= Fons van de Vijver =

Dutch psychologist (1952–2019)

Alphonsius Josephus Rachel (Fons) van de Vijver (4 October 1952 – 1 June 2019) was a Dutch psychologist and Professor of Cross-cultural Psychology at Tilburg University, North-West University, University of Queensland, and National Research University Higher School of Economics. He was known for his work on cross-cultural research and on methods of comparisons.

Van de Vijver was born in Koewacht on 4 October 1952. He received both his MA and in 1991 his PhD in Psychology from Tilburg University. He was appointed Professor of Cross-cultural Psychology at Tilburg University, and was also Professor at the North-West University in South Africa and the University of Queensland in Australia. In 2013, he received the APA Award for Distinguished Contributions to the International Advancement of Psychology.

Van de Vijver died in Maidenwell, Queensland on 1 June 2019 following a brain haemorrhage at the age of 66.

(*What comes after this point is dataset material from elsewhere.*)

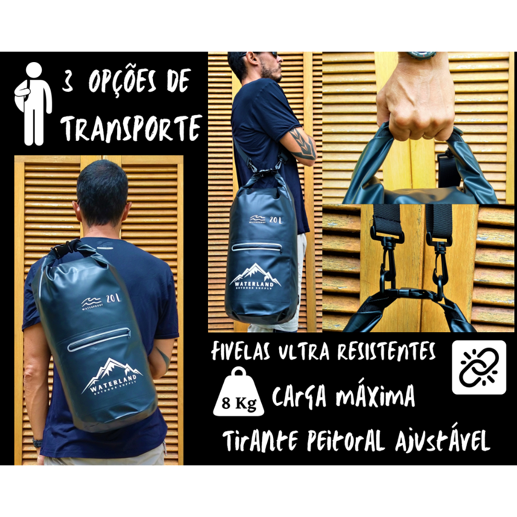 WATERLAND É MARCA REGISTRADA. REGISTRO DE PROPRIEDADE E USO EXCLUSIVO DA EMPRESA: TERRA FIRME IMPORTAÇÃO. BOLSA SACO ESTANQUE MOCHILA 20L COM ALÇA PARA TRANSPORTE E BOLSO EXTERNO COM TARJA REFLETIVA WATERLAND PRODUTO ORIGINAL COM NOTA FISCAL. A tarja refletiva é Recomendada em equipamentos de atividades ao ar livre pelo mundo todo. _______________________________________________________________________ EQUIPAMENTO QUE RESPEITA TODOS OS REQUISITOS DE QUALIDADE NECESSÁRIOS PARA A FINALIDADE A QUAL SE DESTINA. CARREGANDO SEUS OBJETOS NUMA BOLSA DE QUALIDADE, SUA EXPERIÊNCIA SÓ LHE TRARÁ LEMBRANÇAS POSITIVAS. _______________________________________________________________________ _____FINALIDADE Equipamento desenvolvido para prática de Atividades de Lazer na Água, Neve, Areia, Lama ou Barro. Mantém seus objetos e equipamentos Secos, Limpos e Protegidos durante Atividades ao Ar Livre. Também pode ser usado para Transportar Água. Obedecendo os limites de carga segundo o Manual. _____CAPACIDADE 20 Litros de Capacidade pra você levar Tudo que precisa. Suporta até 8 Kg de equipamentos. _____RESISTÊNCIA Material super resistente, vai superar suas expectativas. Construída em Lona de PVC, reforçada com Tecido de Trama de Poliéster, com propriedades Anti Rasgos (Rip Stop). Tirante Ajustável de Nylon Premium e Fivelas Ultra resistentes em Polipropileno de Alta Rigidez. _____IMPERMEABILIDADE Compartimento Principal 100% Impermeável! Pode ser exposta a Água, Neve, Areia, Lama ou Barro. Pode ser usada para transportar Água. _____SUBMERSÃO Pode ser 100% Submersa até 1,50m de profundidade em Curtos Períodos de tempo, como um Salto na Água ou a Travessia de um Rio por exemplo. Não foi desenvolvida para Submersão Prolongada. _____FLUTUABILIDADE Se fechada corretamente seguindo instruções contidas no Manual, pode-se manter quantidade interna de ar, suficiente para mantê-la flutuando em caso de quedas na água. _____TRANSPORTE 3 opções para transporte: Mochila: Usando-se o tirante no Peitoral com uma extremidade conectada no olhal inferior, e outra conectada no olhal de uma das alças. Bolsa a Tiracolo: Usando-se as 2 extremidades do tirante, conectadas nos respectivos olhais das alças. Sacola: Usando a alça formada pelo sistema de estanqueidade quando conectadas, sem uso do Tirante. _____EXCLUSIVO BOLSO EXTERNO COM FAIXA REFLETIVA Exclusivo e Diferenciado, o Bolso Externo mede 24,00 x 18,00cm. Para guardar e permitir Acesso Rápido a objetos que precisam ser usados com maior frequência durante uma atividade como celular, máquina fotográfica e etc. O BOLSO NÃO FOI DESENVOLVIDO PARA PROTEGER OS OBJETOS DURANTE IMERSÃO TOTAL DA MOCHILA NA ÁGUA OU EXPOSIÇÃO INTENSA A ÁGUA. _____FABRICAÇÃO Fabricada com avançado sistema de Solda Térmica, sem uso de linhas e costuras na união das partes da mochila para garantir total impermeabilidade. Através do calor ideal, as partes são fundidas entre si, formando praticamente uma peça única. Oferecendo resistência e impermeabilidade muito superiores, comparada com sistema de costura tradicional. _____OUTRAS UTILIDADES Pode ser usado pra transportar objetos molhados e úmidos como roupa se Surf, toalhas ou roupas molhadas após uma atividade. Quando não usado pode ser enrolado e guardado, ocupando pouco espaço. Fácil de lavar e secar, caso necessário. Pode ser usada para transportar água. Obedecendo os limites de carga segundo o Manual.

== Selected publications ==
Van de Vijver authored and co-authored many publications in his field of expertise. Below is a selection:
- Harkness, Janet A., Fons JR Van de Vijver, and Peter Ph Mohler. Cross-cultural survey methods. J. Wiley, 2003.
- Matsumoto, D., & van de Vijver, F. J. R. (2011). Cross-cultural research methods in psychology. (D. Matsumoto & F. J. R. van de Vijver, Eds.). New York, NY, US: Cambridge University Press.
- Van de Vijver, Fons JR. Methods and data analysis for cross-cultural research. Vol. 1. Sage, 1997.
- van de Vijver, F. J. R., & Leung, K. (1997). Methods and data analysis for cross-cultural research. Newbury Park, CA: Sage.
- Van de Vijver, Fons, and Hambleton, Ronald K. "Translating tests: Some practical guidelines." European Psychologist 1.2 (1996): 89.